Redskins Ruling: But Hearing People Don't Get the Lyrics Either
Redskins fan Shane Feldman, who is hearing-impaired, loved going to football games but felt left out. Unable to hear the public address system, he couldn't understand the referee's calls, the announcer's description of plays during the game, or the stadium's emergency announcements.
Feldman and other deaf or hard of hearing fans complained and then sued the Redskins. The team agreed to post captions on the scoreboard, spelling out everything from the announcements naming the players involved in the last play to the penalty calls and even the ads read over the PA system.
But that wasn't enough for the hearing-impaired fans. Now, a federal court judge has ruled that the Redskins must go even further, posting on the scoreboard the lyrics to any songs played over the loudspeakers.
Exactly what is so magical or essential about song lyrics is not clear from Judge Alex Williams' strangely reasoned ruling in the case. Williams doesn't demand that the Redskins post descriptions of the musical style, beat or harmonies, just that the lyrics be spelled out. Apparently the fact that many, if not most, hearing fans cannot make out the lyrics either does not impress the judge.
It's only fair to post on the scoreboard the summary of each play that gets announced to the crowd--in fact, the scoreboard version is sometimes easier to understand than the announced version, even for hearing fans.
But the songs played during time-outs and halftime are hardly crucial to an understanding of the game. Indeed, many fans find the constant blasting of music distracting and annoying and may even envy the deaf for being able to focus more purely on the game.
The idea, pushed by the deaf fans in their suit, that the Redskins have "not made FedExField fully accessible to deaf and hard of hearing fans" because they don't post song lyrics is so picayune, so petty as to drive other fans to wonder whether the motive is really to enjoy the game or merely to harass the team's owner.
More important, however, the court's ruling threatens every public performance by a sports team, musical group, theatrical troupe or any other artistic endeavor. If, as the deaf fans argue, it is "discrimination" against them to stage a pro football game without putting the lyrics of every song up on the scoreboard, then the same reasoning would force concert halls to post lyrics as singers sing them. Would movie theaters have to erect a second screen on which to flash the lyrics of any song used in the background of a movie? Must stage companies now tear audiences' attention away from the actors by putting up screens spelling out the lyrics of incidental music, or of a song that a character might break into as part of the play?
Amazingly, Williams concluded that the deaf fans "suffered injuries because they did not have access to music captioning and because information allegedly was not being effectively communicated to them." The judge did concede that the Redskins made "reasonable efforts" to accommodate the fans who complained. But Williams says he can't be sure that the captioning the team now provides will continue indefinitely.

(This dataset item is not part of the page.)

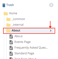 - In the navigation panel, hover over a desired sub-folder and click “>” to display its content on the site content panel.
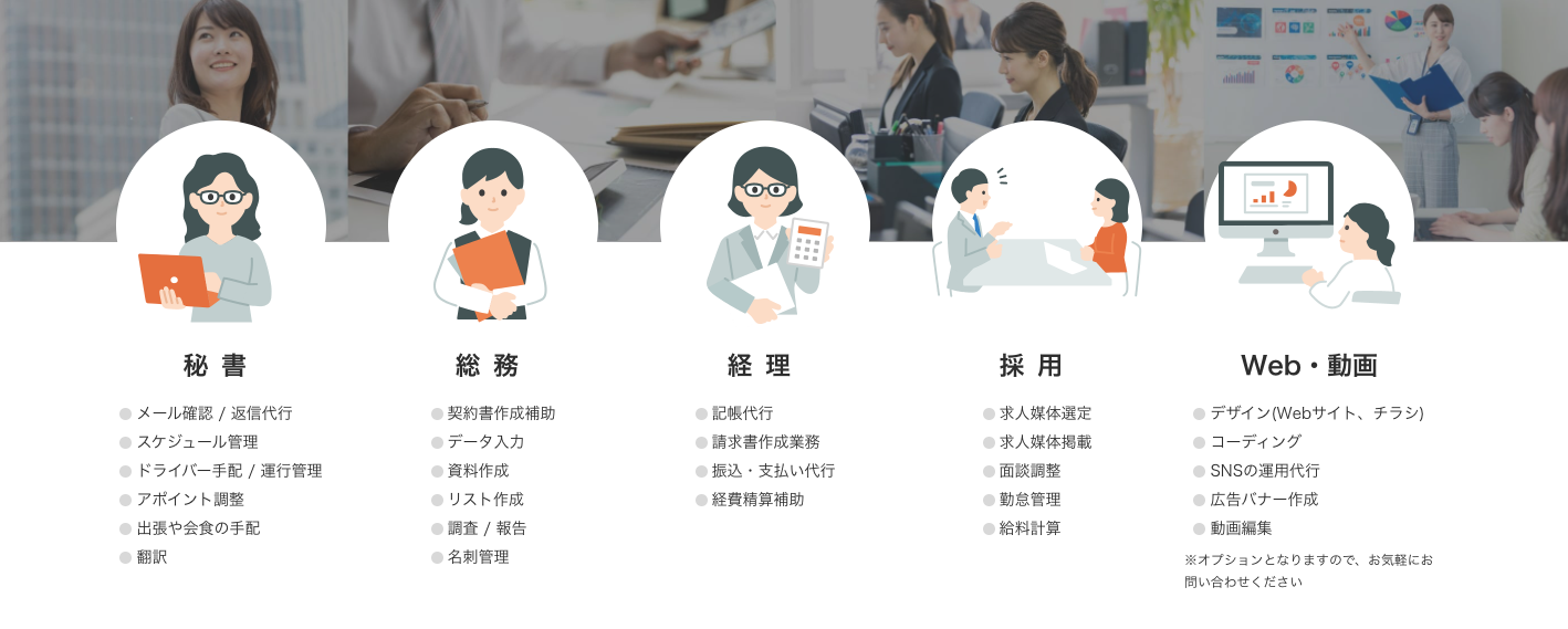 秘書業務だけにとどまらず、「総務」「経理」「人事」「Web・動画」と幅広い分野のご依頼についても対応可能です。Gennyで対応できる業務なのか疑問に思いましたら、お気軽にご連絡ください。パソコンが苦手な方でも安心してご依頼いただけます。 ご要望にあわせて、業務を遂行してまいります。

The Redskins's lawyers argue that "all information that is integral to the use of the stadium can be gathered solely from watching the game," Williams writes. But the judge says the Americans With Disabilities Act requires that all people be provided with "full and equal enjoyment of the goods, services, facilities, privileges, advantages, or accommodations of any place of public accommodation." And Williams interprets that to mean far more than just the football game, because the Redskins offer more than just a game: "They also provide public address announcements, advertisements, music, and other aural information to hearing fans.... Presumably Defendants provide this aural information to hearing fans for a reason."
So the judge orders the team to provide captions for song lyrics. He rejects the Redskins' "argument that bars and restaurants are not required to caption background music. While the Court expresses no opinion on the ADA requirements for bars and restaurants, the Court believes there is a significant difference between a stadium that seats 91,000 people, which currently captions audio content on large LED ribbon boards, and a bar or restaurant."
Williams never explains what that significant difference might be. In both cases, the music is a supplement to the main offering that customers are buying. In both cases, the primary service--football, or food and drink--could be offered without the music. In both cases, the odds that anyone really listens to the song lyrics are pretty slim. And in both cases, the chance that any appreciable number of people on hand can actually understand the lyrics is almost non-existent.
But most non-existent of all in this case is any common sense, any attempt to be reasonable. Handicapped people should expect to be able to gain access to public places and activities without undue hardship. And it's fair to ask a rich company like the Redskins to invest in some technology to make the game equally understandable to deaf fans--which the team has done for several years now.
But no matter what the law might say or how any narrowminded judge might rule, neither legal verbiage nor wishing it will make all people identical. In any public performance, some people will get more of what's going on and some will get less. Many blind people love going to baseball games; they wouldn't expect the team to have to hire a guide to sit with them and narrate the action to them. They get out of it what their special circumstance allows--and from what blind fans tell me, that is something quite rich and extraordinary, an appreciation for the sounds and smells of the game that goes deeper than many seeing fans will ever know. Similarly, deaf fans may see a level of detail that eludes many hearing fans.
In sports as in so many other areas of life, good people with admirable motives can usually work out problems just fine--it's when someone decides to get the lawyers involved that the whole enterprise goes off the rails.